🤖 AI Summary
This work addresses the challenges of modality missingness, task interference, and catastrophic forgetting faced by large-scale multimodal models in continuous data streams. To this end, we propose Dual-Decomposed LoRA Experts (DD-LoRA), a novel architecture that dynamically constructs LoRA update matrices through a decoupled pool of modality-specific factors. By integrating a task-partitioning framework, cross-modal guided routing, and a task-key memory mechanism, our approach enables efficient and stable continual learning. As the first to introduce dual-decomposed low-rank structures into continual learning under missing modalities, DD-LoRA significantly mitigates interference between modalities and tasks, supports task-agnostic inference, and effectively prevents forgetting. Extensive experiments on mainstream CMML benchmarks demonstrate substantial performance gains over current state-of-the-art methods, validating the efficacy of architecture-aware LoRA design in real-world multimodal scenarios.
📝 Abstract
Adapting Large Multimodal Models (LMMs) to real-world scenarios poses the dual challenges of learning from sequential data streams while handling frequent modality incompleteness, a task known as Continual Missing Modality Learning (CMML).

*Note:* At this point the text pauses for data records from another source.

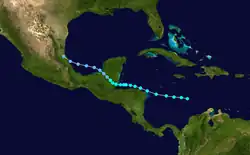 On September 24, Tropical Storm Gilda developed in the central Caribbean Sea about halfway between Jamaica and Colombia. A small storm, it moved westward throughout its duration. On September 26, Gilda attained peak winds of 70 mph (110 km/h) while nearing northeastern Honduras. The storm paralleled the coastline a short distance offshore, maintaining its intensity before hitting and later weakening over Belize on September 27. It re-emerged in the Gulf of Mexico before making another landfall near Tampico as a tropical depression on September 29, dissipating the next day.[4][6]
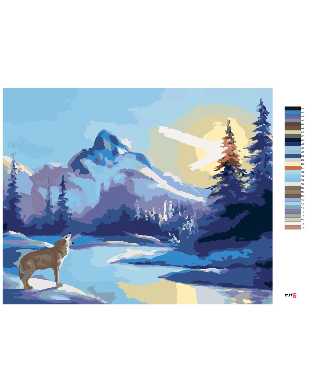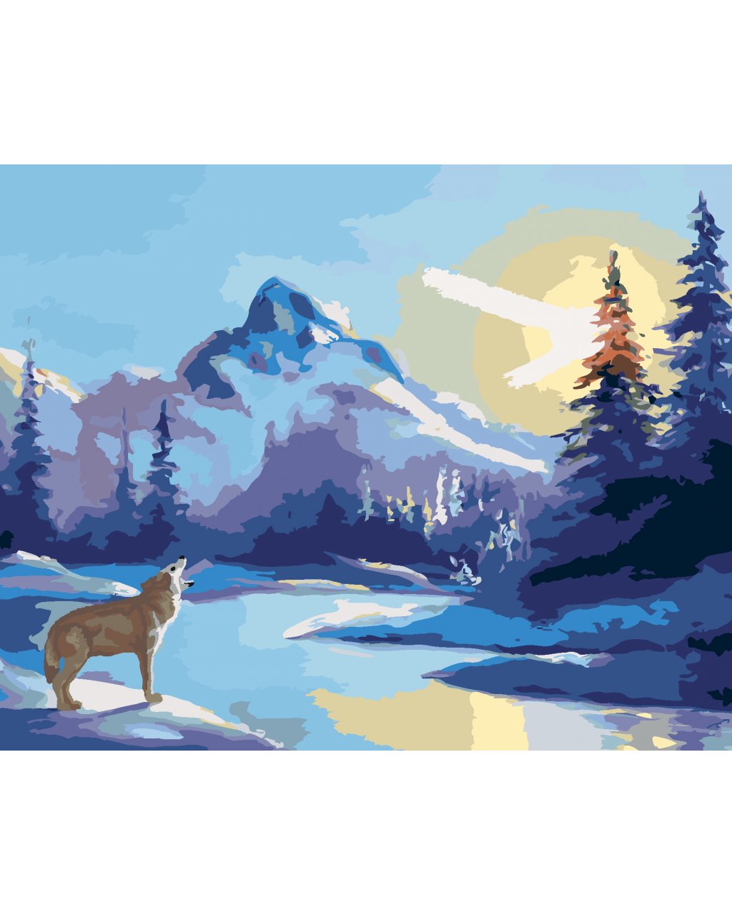 Malování podle čísel - VYJÍCÍ VLK, SLUNCE A HORY (D. RUSTY RUST)
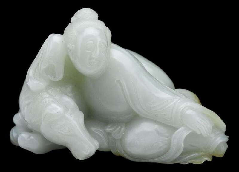 Recumbent deity over horse, fine detail to face and mane, slight brown skin to body.
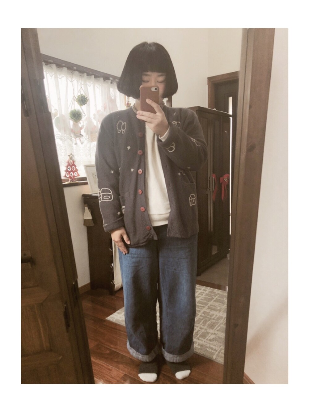 帰省おしまい! カーディガンはおうちの刺繍いり! おばあちゃんがくれました。
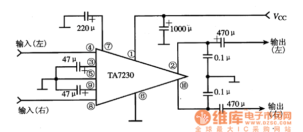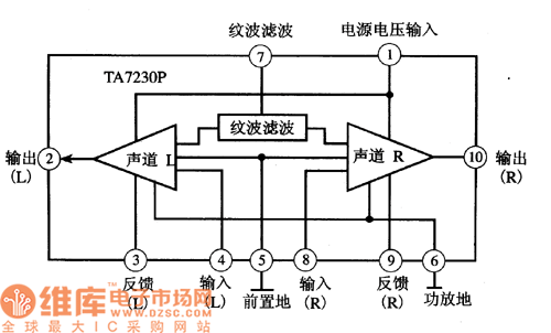 TA7230 is the dual channel audio power amplifier integrated circuit produced by Toshiba, which is widely used in stereo systems, such as car stereos, domestic stereos and so on.1.function features TA7230 contains 2 lines of same-function audio power amplifier circuits, wave filtering circuit, and the silence/mute circuit of power supply protection, whose pin functions are shown in Figure 1. Figure1. The internal circuit of TA7230
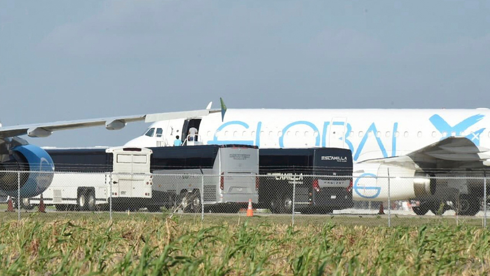 At the border-area airport in Harlingen, Texas, the scene Sunday morning was unmistakably active. Buses carrying migrants pulled onto the tarmac as clusters of federal agents moved quickly between the vehicles and waiting aircraft. Police cars circled the perimeter, and officers and security guards pushed reporters back from the chain-link fences that line the field. On the runway, planes sat with engines idling, ground crews making final preparations as if departures could come at any moment – all as the courtroom battle played out hundreds of miles away in Washington.
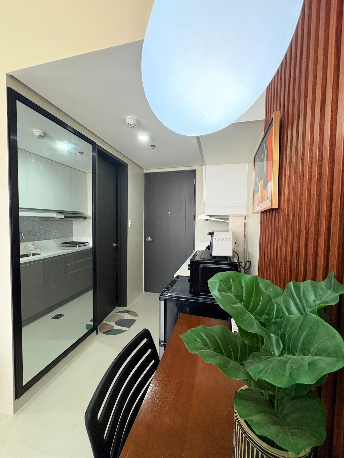 Un estudio luminoso de inspiración mediterránea en Baseline Prestige, en la zona residencial de Cebú, diseñado para disfrutar de la ciudad y de escapadas a la isla. Despiértate con suaves tonos costeros, trabaja en fibra rápida y luego camina a cafés, centros comerciales y hospitales a pocos minutos de distancia. Comodidad de hotel con detalles prácticos: agua potable filtrada, ducha caliente y cocina americana totalmente equipada.
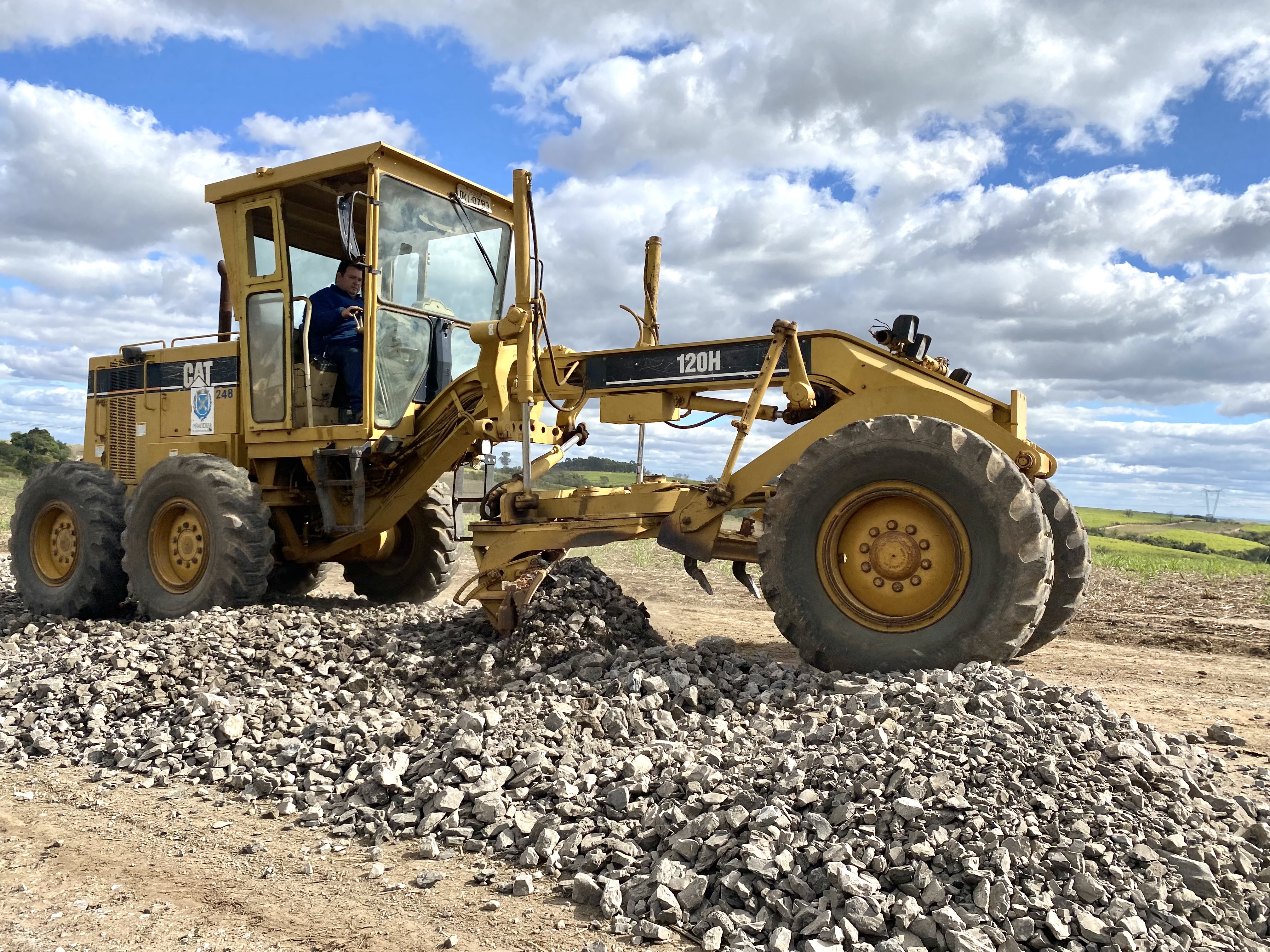 No bairro Volta Grande, a equipe faz a manutenção com máquina na estrada José Saul Chinelatto (PIR 264) até esta sexta-feira, 12/08.
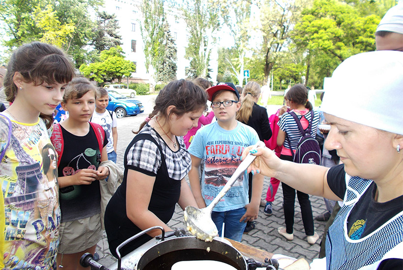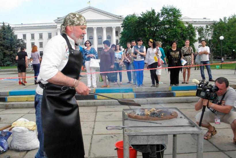 Праздничные мероприятия начались с выставки кузнечного искусства, выставки-продажи произведений Ивана Франко и литературы о творческом и жизненном пути творца. Жители города посмотрели концертную программу, произведения юных художников Донетчины и отведали вкусную солдатскую кашу, приготовленную для них гвардейцами. Первыми кашу продегустировали журналисты и остались очень довольны, а за ними потянулись к солдатской полевой столовой зрители.
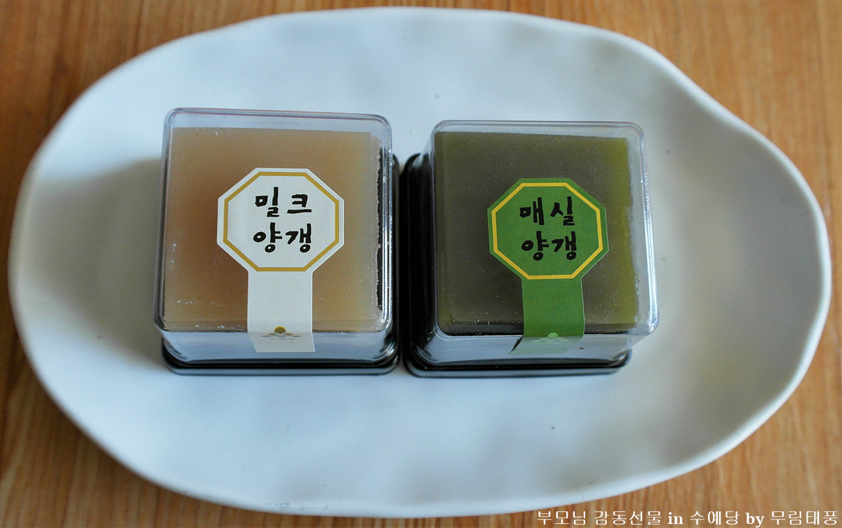 수예당 화과자의 밀크양갱과 매실양갱이에요
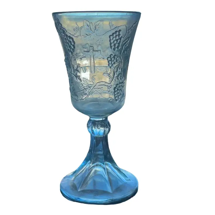 Standing at 7 inches tall and 3 inches wide, this goblet is perfect for both display and use. The frosted stem adds a touch of sophistication, making it a standout addition to any collection. Whether you're a collector of religious artifacts or simply appreciate the beauty of vintage glassware, this goblet is sure to impress.
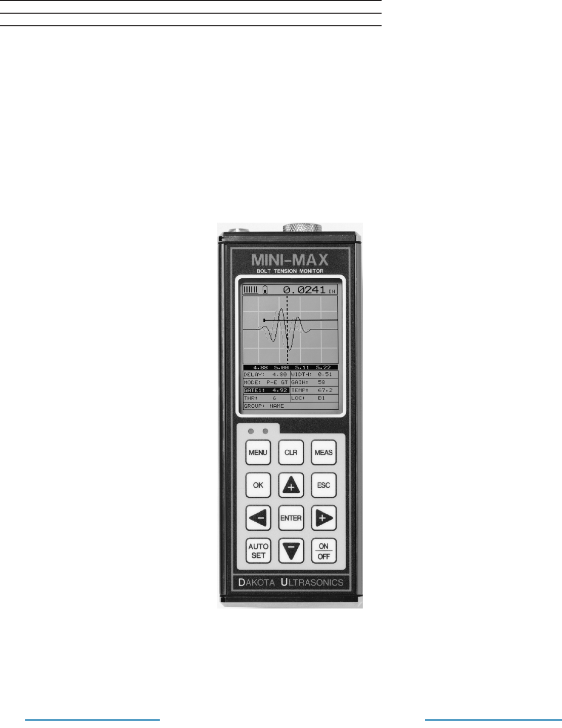 MINI-MAX Ultrasonic Bolt Tension Monitor 5.2 Features of the M INI-MAX The Dakota Ultrasonics MINI-MAX, Ultrasonic Bolt Tension Monitor, defines the State of the Art in the measurement of the actual clamp load produced by tightening a fastener. The MINI-MAX can measure time, elongation, load, stress, or %strain in bolts of virtually any material from 1 inch to 4 feet in length.

However, existing works on CMML have predominantly relied on prompt tuning, a technique that struggles with this task due to cross-task interference between its learnable prompts in their shared embedding space. A naive application of Low-Rank Adaptation (LoRA) with modality-shared module will also suffer modality interference from competing gradients. To this end, we propose DeLo, the first framework to leverage a novel dual-decomposed low-rank expert architecture for CMML. Specifically, this architecture resolves modality interference through decomposed LoRA expert, dynamically composing LoRA update matrix with rank-one factors from disentangled modality-specific factor pools. Embedded within a task-partitioned framework that structurally prevents catastrophic forgetting, this expert system is supported by two key mechanisms: a Cross-Modal Guided Routing strategy to handle incomplete data and a Task-Key Memory for efficient, task-agnostic inference. Extensive experiments on established CMML benchmarks demonstrate that our method significantly outperforms state-of-the-art approaches. This highlights the value of a principled, architecturally-aware LoRA design for real-world multimodal challenges.